Étude Op. 10, No. 12 in C minor, known as the "Revolutionary Étude" or the "Étude on the Bombardment of Warsaw", is a solo piano work by Frédéric Chopin written , and the last in his first set, Etudes, Op. 10, dedicated "à son ami Franz Liszt" ("to his friend Franz Liszt").

History

The 12th Étude appeared around the same time as the November Uprising in 1831. Upon the conclusion of Poland's failed revolution against Russia, he cried, "All this has caused me much pain. Who could have foreseen it?"

Unlike études of prior periods, works designed to emphasize and develop particular aspects of musical technique, the romantic études of composers such as Chopin and Liszt are fully developed musical concert pieces, while still continuing the goal of developing stronger technique.

Technique

In the case of Op. 10, No. 12, the technique required in the opening bars is playing long, loud descending runs, which form a dominant minor ninth chord introductory build-up to the main theme.

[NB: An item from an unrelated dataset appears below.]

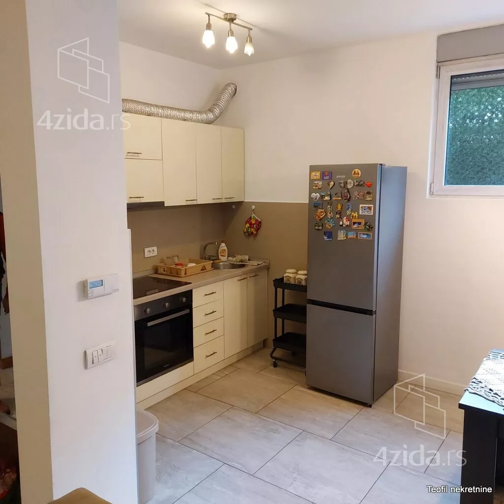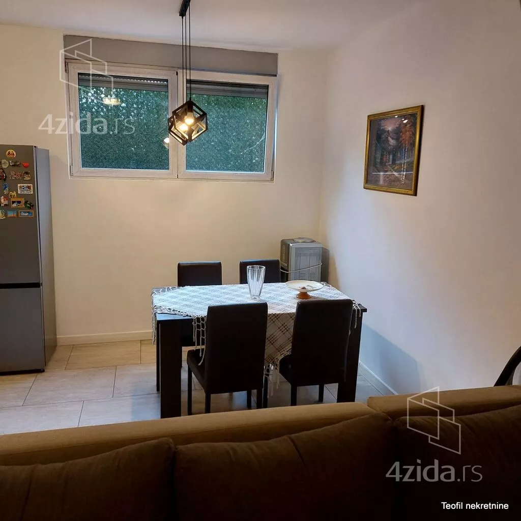 Odličan jednoiposoban stan, 42m2, u polusuturenu (ukopan oko 120cm) trospratne zgrade (iz 2017.god.) sa samo 8 stanova, lift, interfon, geotermalno grejanje (stan se greje i hladi preko zidova)... Odlična gradnja, mirna ulica, blizina Ugrinovačke sa jedne strane i cara Dušana sa druge strane. Blizina škole, vrtića, gr. prevoza.. Od prostorija: dnevno-trpezariski boravak, kuhinja, spavaća soba, kupatilo i ulazni hodnik. Dosta svetlosti. Aluminijumska stolarija. Niski režiski troškovi. Prodaje se komplet namešten (nov nameštaj i bela tehnika).

The length and repetition of these rapid passages are distinctive. The rest of the passage focuses on the left hand fingering scales and arpeggios. The opening theme, in the right hand, is notable for its powerful chordal basis.

The challenge lies with the relentless left hand semiquavers while the RH shapes widely distributed octaves into legato melodic shapes.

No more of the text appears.